Dr Coleman: Those treating this disease will do comprehensive evaluation for biomarker expression. We do this because it provides not only prognostic information for some of our biomarkers, but also potentially predictive opportunities for specific agents. This potentially segments the population in a way that could isolate a potential patient from a therapy that could provide them with some benefit. That is what we see with biomarker-directed therapies. Sometimes the biomarkers are not necessarily in the range where the approval is or ineffective below that trigger point. We're seeing this already with some of the agents that we have available to us.
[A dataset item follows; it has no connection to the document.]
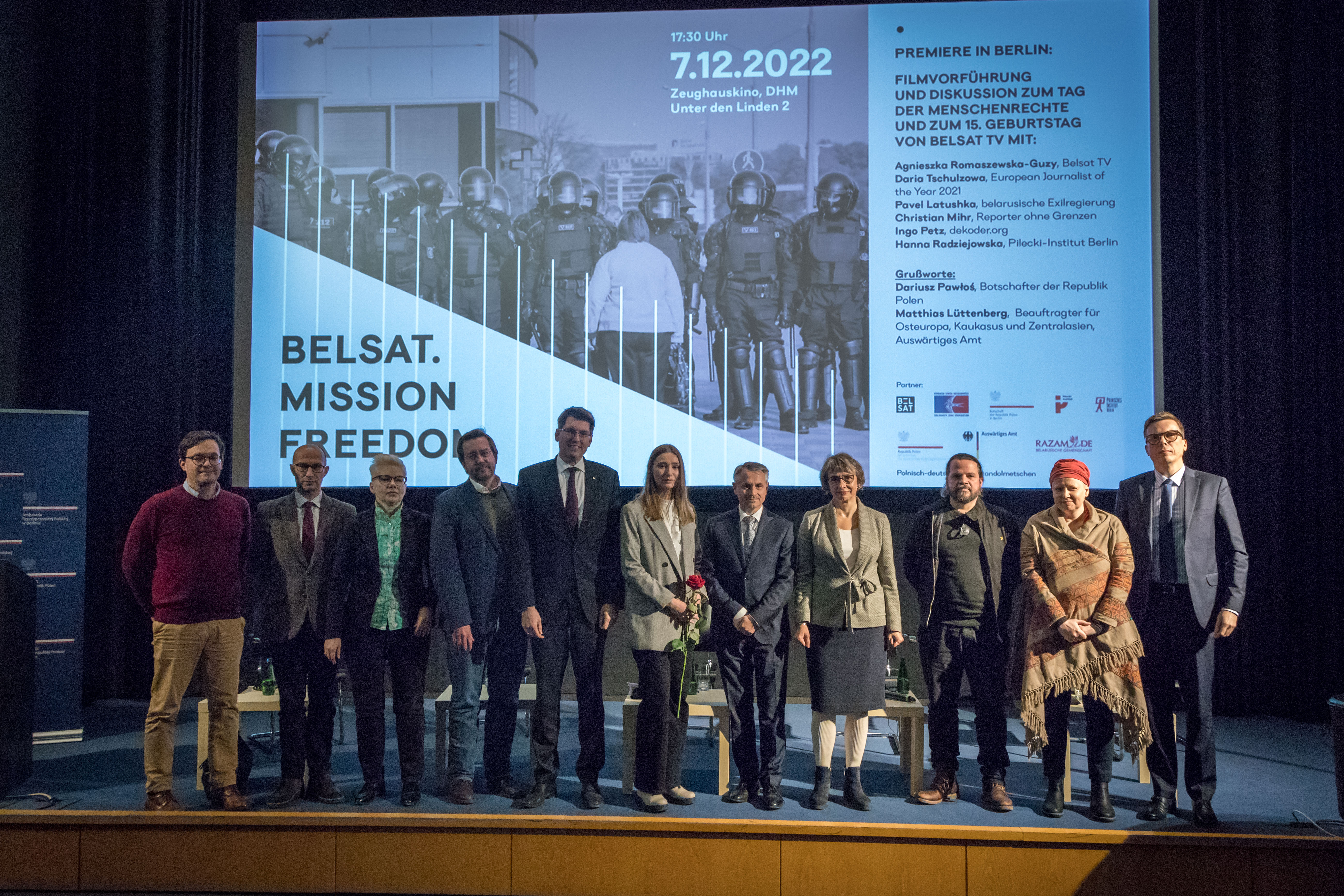 Vor der Vorführung hielten Dariusz Pawłoś, Botschafter der Republik Polen, und Matthias Lüttenberg, Bevollmächtigter für Osteuropa, den Kaukasus und Zentralasien im Auswärtigen Amt, ihre Ansprachen. Im Anschluss an den Film fand eine Podiumsdiskussion statt, an der folgende Personen teilnahmen: Agnieszka Romaszewska-Guzy - Direktorin von Belsat, Daria Czulcowa - 25-jährige Belsat-Journalistin, die zu zwei Jahren Gulag verurteilt wurde und mit dem PRIX EUROPA "Europäischer Journalist des Jahres 2021" ausgezeichnet wurde, Christian Mihr - Leiter des deutschen Zweigs von Reporter ohne Grenzen und Ingo Petz - Gründer des Wissensportals über Belarus und Russland www.dekoder.org. Moderiert von Hanna Radziejowska - Direktorin des Pilecki-Instituts in Berlin.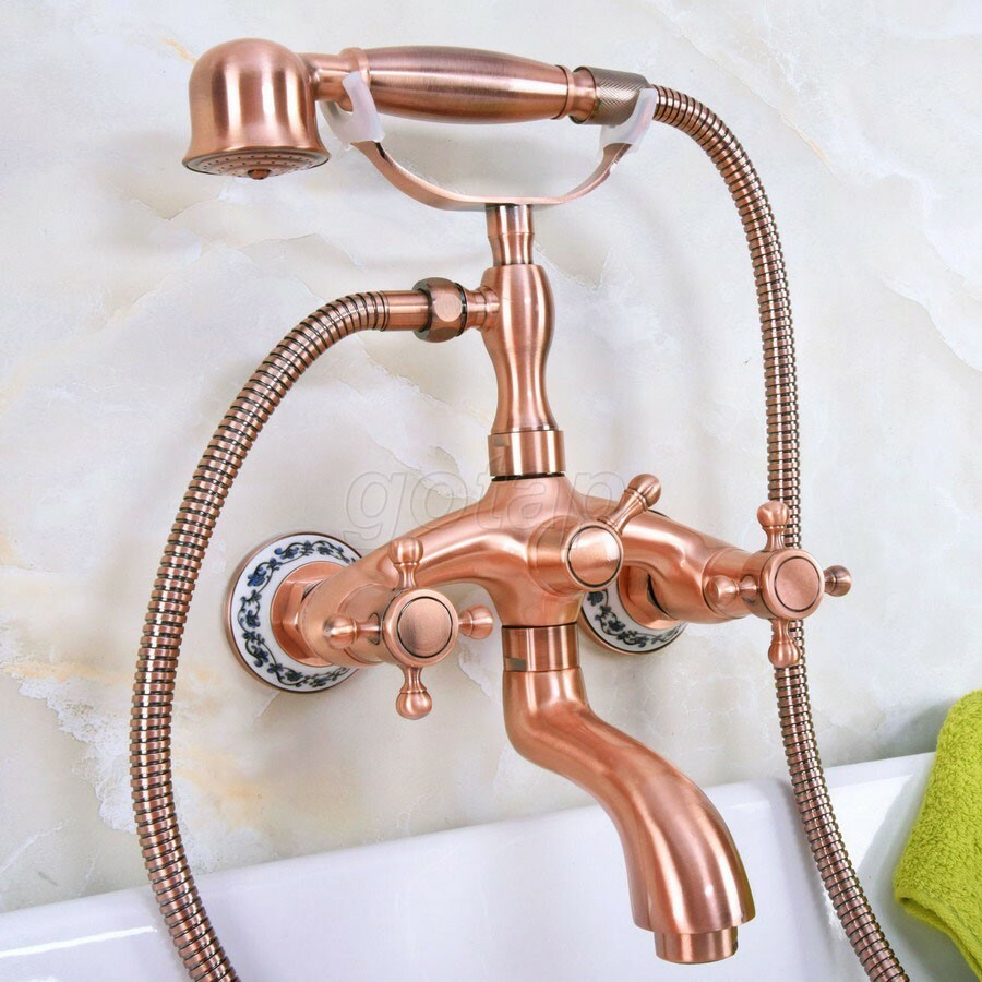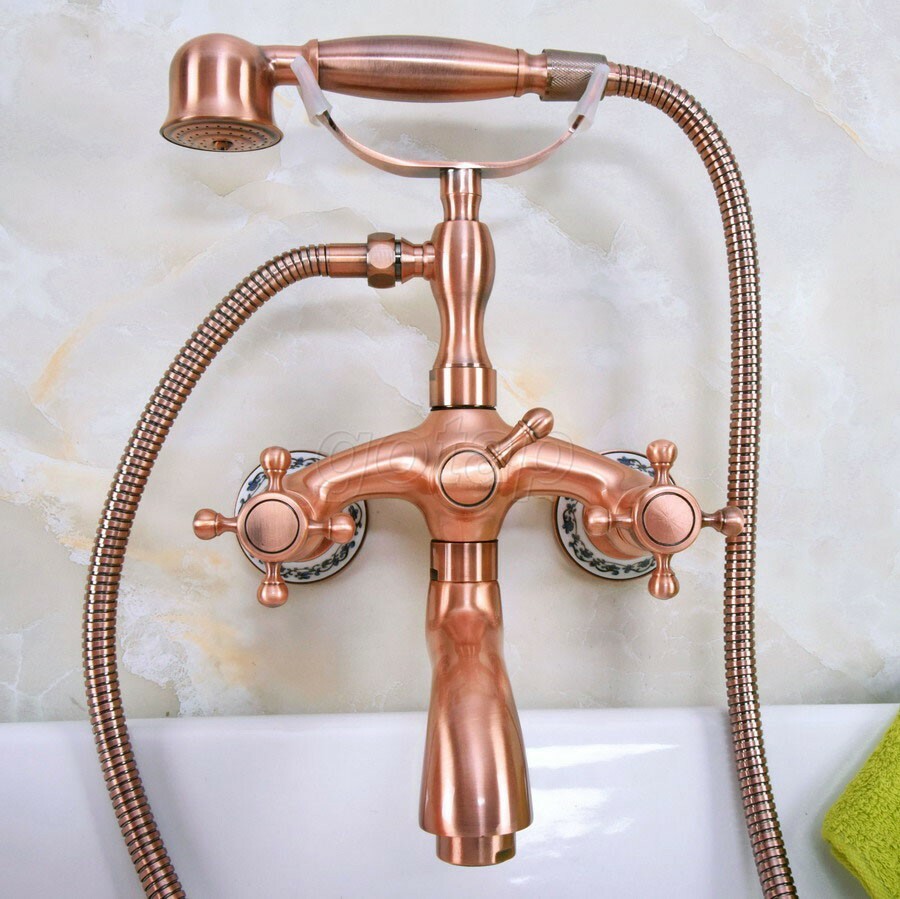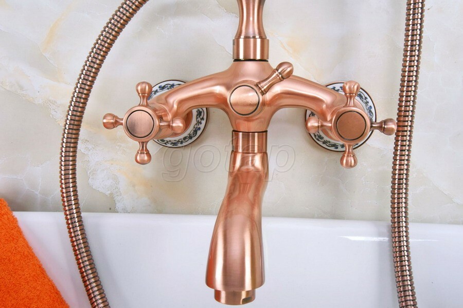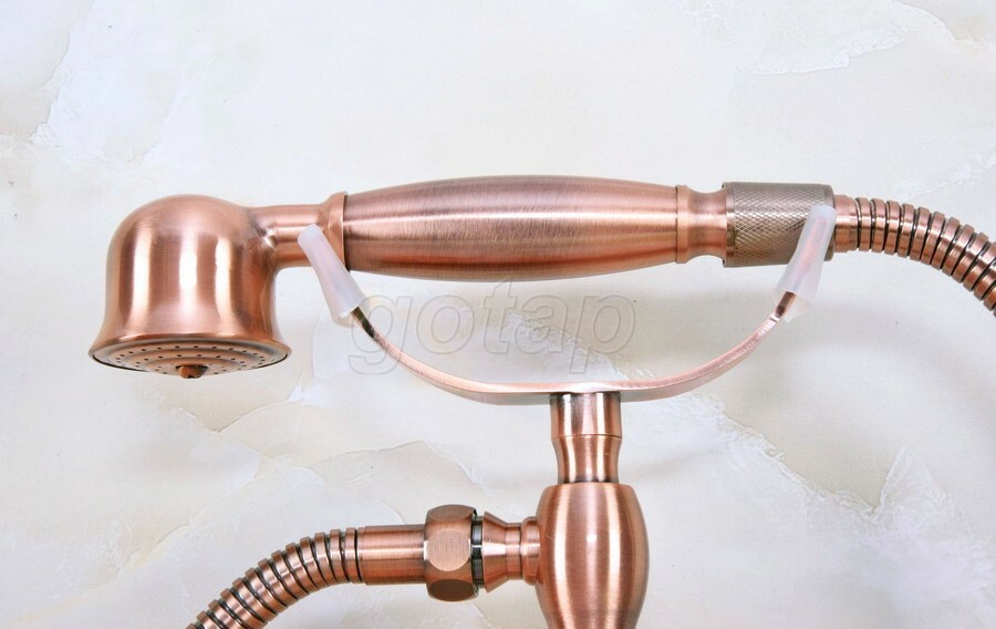 как выглядит Red Copper Clawfoot Bath Tub Faucet with Hand Shower Mixer Tap Wall Mount Gna324 фото

Many of us are pleased to have a non-biomarker restricted opportunity. It will still play into the overall nuances of treatment that I mentioned previously, where we will look at a host of factors. These include: the presence or absence of a biomarker, the previous lines of therapy, the tolerance of those previous lines, and the number of potential regimens that patients have been exposed to and what the types of regimens. The art of medicine here will be largely focused on these individual patient characteristics.
Eliminating one descriptor without needing to have a biomarker is favorable so that we know that we have a robust effect across the potential expression levels of the targeted therapy, for example. We're used to doing this because most of the chemotherapy we administer today in this disease setting are not restricted or not further annotated by a biomarker. That helps us broaden our capabilities along the treatment paradigm.
How can the results of the ROSELLA trial shape future clinical pathways and standards of care for platinum-resistant ovarian cancer?
Dr Coleman: The clinical pathways and standards of care for patients with this disease in this setting and this morphology of platinum resistance are influenced by what we have approved. Our level of standardization for treatment is going to be predicated on effective therapies that are annotated or supported by formal phase 3 studies.
We now have 3 formal phase 3 trials, but we hope that in addition to mirvetuximab, the 2 most recent trials will lead to a label that will apply to this patient population, which will find their way to the highest level of evidence that would support clinical pathways. However, many of the regimens that we're studying now that have not been formally evaluated by phase 3 studies are still available to us. We use them in nuanced ways as we approach the patient population. It is comforting to have a therapeutic strategy that is supported by formal analytical phase 3 studies, such as the ROSELLA trial, which will then bring the confidence of this combination into the treatment landscape.